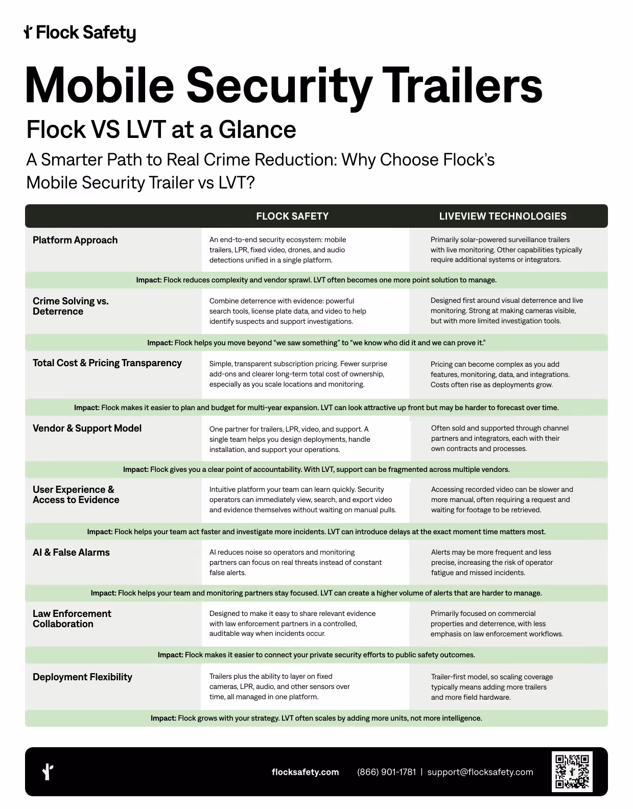 This side-by-side comparison details why Flock is the clear choice for a mobile security trailer compared with LiveView Technologies (LVT).
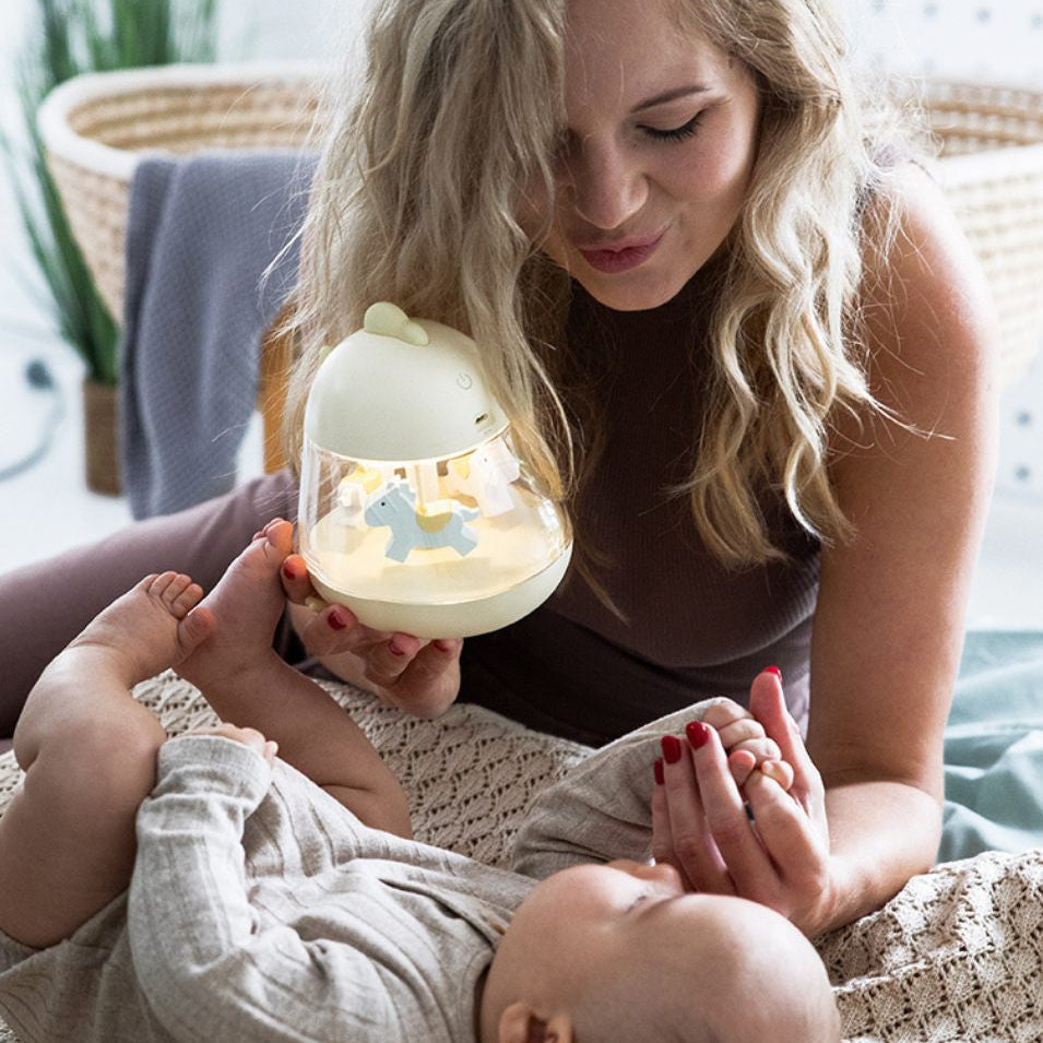 Nattlampan med karusell och speldosa ger rogivande sällskap både dag och natt. Snurrande hästar och speldosaens delikata melodi kommer att lugna ditt barn och skapa en avkopplande stämning.
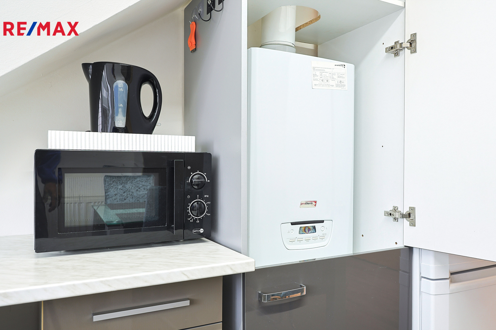 Ohřev vody a vytápění zajišťuje kombinovaný kotel.
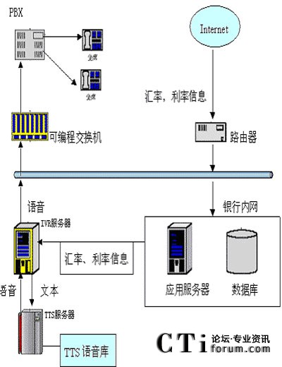 銀行可從網(wǎng)上下載匯率信息或利率信息,之后將這些信息的文本傳遞給IVR服務(wù)器,IVR會通過調(diào)用TTS服務(wù)器得到這些信息的語音流,之后就可以在坐席上播放這些匯率或利率的語音了。
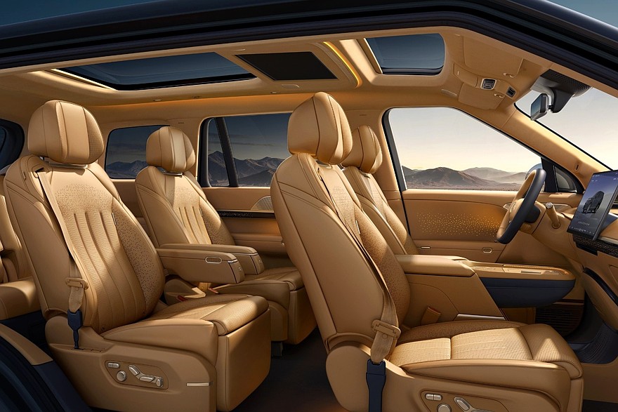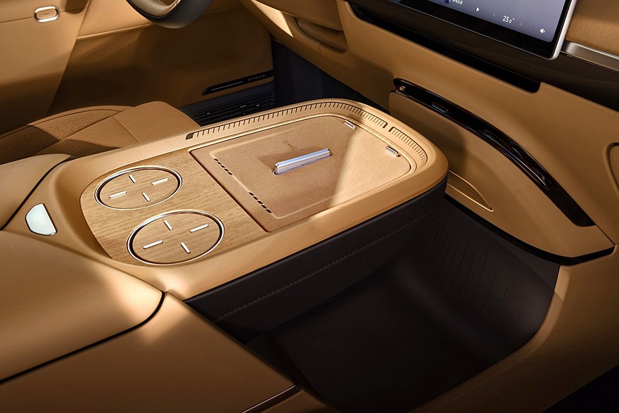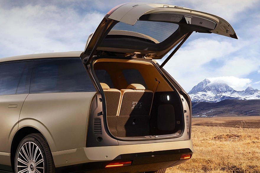 У plug-in гибридной версии тоже два электромотора: передний выдаёт 160 кВт и 230 Нм, задний — 240 кВт и 465 Нм, максимальная совокупная отдача — 430 кВт (585 л.с.) и 695 Нм. 1,5-литровый бензиновый турбомотор мощностью 150 л.с. у гибридной версии механически не связан с колёсами, работает в режиме генератора и заряжает тяговую батарею ёмкостью 63,3 кВт·ч. Запас хода на одной зарядке без включения ДВС — 430 км по циклу CLTC, в гибридном режиме с полностью заправленным баком (60 л) — 1585 км. Снаряженная масса — 2840 кг.

-- TASK --
When you repeat the records, reproduce each line exactly and drop the images.

-- TASK RESPONSE --
 This side-by-side comparison details why Flock is the clear choice for a mobile security trailer compared with LiveView Technologies (LVT).
 Nattlampan med karusell och speldosa ger rogivande sällskap både dag och natt. Snurrande hästar och speldosaens delikata melodi kommer att lugna ditt barn och skapa en avkopplande stämning.
 Ohřev vody a vytápění zajišťuje kombinovaný kotel.
 銀行可從網(wǎng)上下載匯率信息或利率信息,之后將這些信息的文本傳遞給IVR服務(wù)器,IVR會通過調(diào)用TTS服務(wù)器得到這些信息的語音流,之后就可以在坐席上播放這些匯率或利率的語音了。
 У plug-in гибридной версии тоже два электромотора: передний выдаёт 160 кВт и 230 Нм, задний — 240 кВт и 465 Нм, максимальная совокупная отдача — 430 кВт (585 л.с.) и 695 Нм. 1,5-литровый бензиновый турбомотор мощностью 150 л.с. у гибридной версии механически не связан с колёсами, работает в режиме генератора и заряжает тяговую батарею ёмкостью 63,3 кВт·ч. Запас хода на одной зарядке без включения ДВС — 430 км по циклу CLTC, в гибридном режиме с полностью заправленным баком (60 л) — 1585 км. Снаряженная масса — 2840 кг.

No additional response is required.